= WORK INSTRUCTION =
Nothing outside the range is to be copied. From the entries below, reproduce exactly the lines starting at the one with "Projekt przedstawia nowoczesny" and ending at the one with "8. Определите и", without pictures.

*** Begin section ***

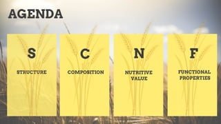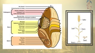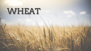 Wheat is a primary cereal crop in India, with significant production increases in states like Haryana, Punjab, and Uttar Pradesh. The grain has a complex structure composed of bran, endosperm, and germ, each serving specific nutritional functions, including providing high protein, carbohydrates, and essential vitamins. Its unique functional properties, like gluten formation and starch gelatinization, make wheat suitable for various culinary applications.
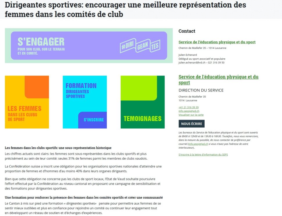 Bien que cette obligation ne concerne pas les clubs de sport locaux, l’Etat de Vaud souhaite poursuivre l’effort effectué par la Confédération au niveau cantonal en proposant une campagne de sensibilisation et des formations pour dirigeantes sportives.
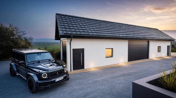 Projekt przedstawia nowoczesny budynek gospodarczy o prostej i funkcjonalnej formie, zaprojektowany na rzucie prostokąta o wymiarach 6 × 20 metrów. Obiekt wyróżnia się czystą, elegancką bryłą oraz nowoczesną kolorystyką, która doskonale wpisze się zarówno w otoczenie zabudowy jednorodzinnej, jak i terenów gospodarczych.
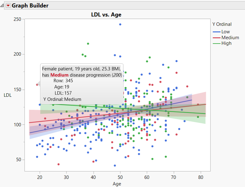 Show Control Panel( 0 ),Variables( X( :Age ), Y( :LDL ), Overlay( :Y Ordinal ) ),
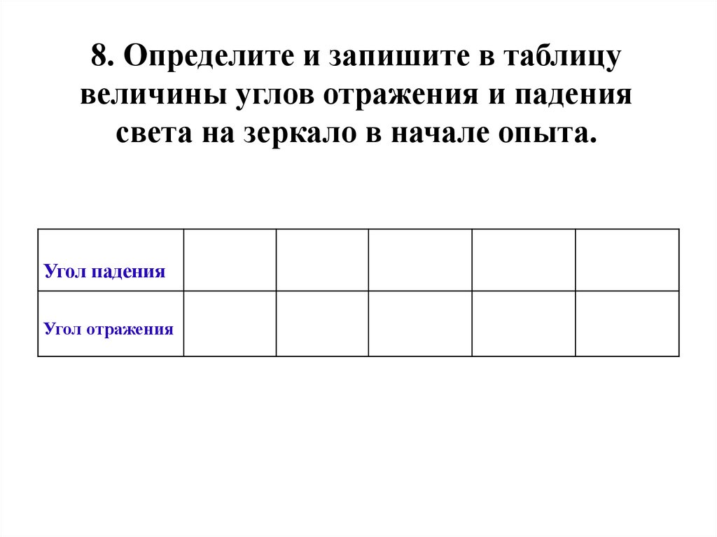 8. Определите и запишите в таблицувеличины углов отражения и падения
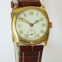 The watch measures 30mm wide excluding the later winding crown, and 30mm high excluding the lugs. Although originally designed as a man’s watch, it would suit a slimmer wrist. The case is 9 carat gold and there are hallmarks inside the case back for Chester 1943, together with the case maker’s name of Stolkace and the initials GAS for George Arnold Stoll of the Elite Bracelet Manufacturing Co Ltd who registered the Stolkace name in 1934. The case is in good condition for such an early piece, a small “ding” to the edge of the lug, and a little unevenness to the back but not too serious at all.

*** End section ***

= RESPONSE BELOW =
 Projekt przedstawia nowoczesny budynek gospodarczy o prostej i funkcjonalnej formie, zaprojektowany na rzucie prostokąta o wymiarach 6 × 20 metrów. Obiekt wyróżnia się czystą, elegancką bryłą oraz nowoczesną kolorystyką, która doskonale wpisze się zarówno w otoczenie zabudowy jednorodzinnej, jak i terenów gospodarczych.
 Show Control Panel( 0 ),Variables( X( :Age ), Y( :LDL ), Overlay( :Y Ordinal ) ),
 8. Определите и запишите в таблицувеличины углов отражения и падения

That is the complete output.